Anthem’s Demo Ends With An Exciting Cloud And A Less Exciting Rock Monster

Anthem’s Demo Ends With An Exciting Cloud And A Less Exciting Rock Monster

Anthem’s open demo, which launched this past weekend, had its first “mini-event” last night. A fiery vortex formed in the sky, and some big rock monsters appeared on the ground below. It made for a nice change of visuals and something new to hunt, but like a lot of what the demo has shown off, something seemed to be missing.

BioWare’s multiplayer shooter is entering the growing landscape of live service games that get small updates every few weeks or months so that players feel like there’s a reason to keep returning to them. For example, Fortnite started off this year with a mysterious icy sphere, and Destiny 2’s Valentines-themed Crimson Days event kicks off next week. Anthem’s mini-event unfolded in a familiar fashion.

On Monday morning, the game’s Twitter account started tweeting about a weird new anomaly in the sky in the game’s freeplay mode.

As players became aware of it, they started taking snapshots and sharing them online. After seeing those reactions, I decided to hop back into the demo and see what was going on for myself. The pictures looked cool. The first part of the mini-event worked.

Once my javelin loaded into the world, I started looking around for the big red ring in the sky. I thought it might appear as an icon on my mini-map, like Fallout 76’s blast zones, or that there would be a dramatic shift in the lighting in the direction where the vortex could be found.

Instead, I spotted it just by scanning the horizon. It looked beautiful, sparkled with bits of meteors burning up as they fell from it into the atmosphere below. It also looked super far away, at which point I realised it probably wasn’t something I could actually go inside and rather was purely decorative.

So I launched my javelin into the air and flew off in search of what else might be different in the world. I stumbled upon a mission marker and started to engage with a group of enemies but soon I realised that it was an old mission type I’d already done before and also, it didn’t have anything to do with the vortex.

I flew around a bit more, trying where possible to go in the direction of the firestorm but never seeming to get much closer to it.

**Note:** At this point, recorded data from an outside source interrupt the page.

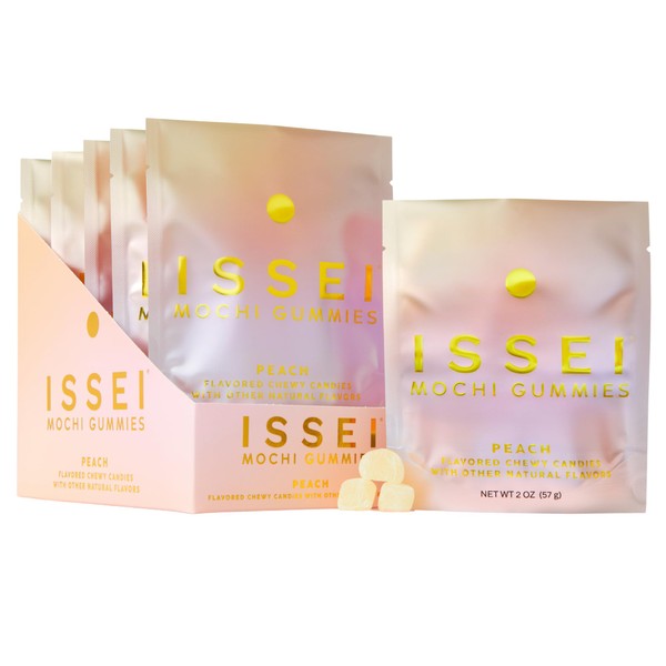 ISSEI Mochi Gummies | Dye-Free Candy with Colors from Natural Sources | Gelatin-Free | Plant-Based | Non-GMO | Real Sugar | Award-Winning Japanese Candy (2oz (Pack of 6), Peach)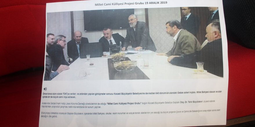Aralarında Gebze İmam Hatip Lisesi Mezunları Derneği yöneticilerinin de olduğu, “Millet Camii Külliyesi Projesi Grubu” bugün (19 Aralık 2019) Kocaeli Büyükşehir Belediye Başkanı Tahir Büyükakın’ı ziyaret ederek hazırlattıkları proje etüd çalışması hakkında kendisine bir sunum yaptılar.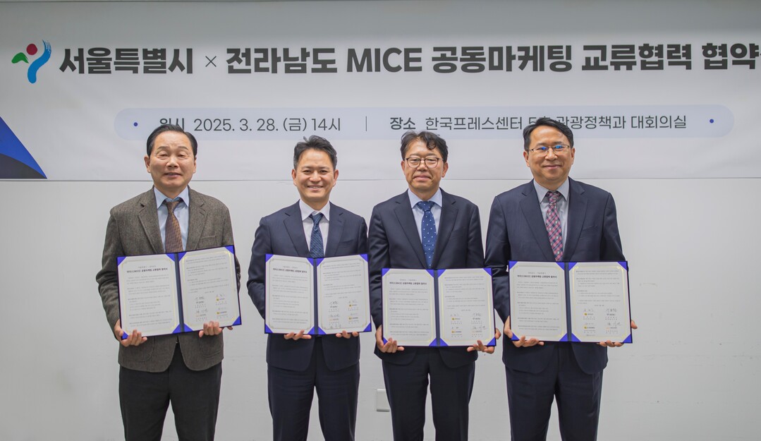 전라남도가 국내외 마이스 행사 유치 경쟁력 강화와 관광객 유치 확대를 위해 서울특별시, 전남관광재단, 서울관광재단과 'MICE 공동마케팅 교류협력 업무협약'을 지난 28일 서울시에서 체결했다.

I eventually stumbled into an altercation with an Ash Titan, a giant molten rock monster that throws fireballs at you and wasn’t previously on the prowl in freeplay mode. Mystery solved.

I’d already fought a couple of Ash Titans during the Anthem demo’s brief narrative questline, and though it was nice to see something new during my patrol, it wasn’t the payoff I wanted.

Anthem’s demo has suffered from a lack of interesting encounters and mission types. Mostly, they involve flying into a room, killing everything you see, and then flying onto the next one. That sequence could be used to describe a lot of what you do in most shooters, but the combination of sprawling open spaces and mostly stationary mobs of enemies has made the simplicity feel especially obvious in Anthem.

Ash Titans are easier to take down as a group. They are big bullet sponges while playing solo, especially if you’re playing as the melee-oriented Interceptor class like I have been. It felt sort of like solo-ing a volcano. Ash Titans might be slow and pretty stationary, but you do not want to get caught trying to stab them with a laser sword. Unfortunately, no other online strangers showed up during the fight.

I saw one player had tweeted at Casey Hudson, BioWare’s general manager, to ask if the there was anything else to the event or if it was safe for them to log off. Hudson responded: “Yep, if you went out in the storm that formed today and fought some titans then you’ve experienced the mini-event that we added to this weekend’s demo. Just a small tease of some of the things we’ll be doing when @anthemgame goes live.”

As with everything else in Anthem, it’s too soon to tell how all of its individual parts will fit together. BioWare has kept almost everything to do with the game’s overall story, in whatever form it exists, under wraps.

Given the world of Anthem is full of ancient artifacts and mysterious technologies with the power to do large-scale terraforming, there’s plenty of room for interesting events in the future. Hopefully future events will involve more than a pretty picture and old bosses.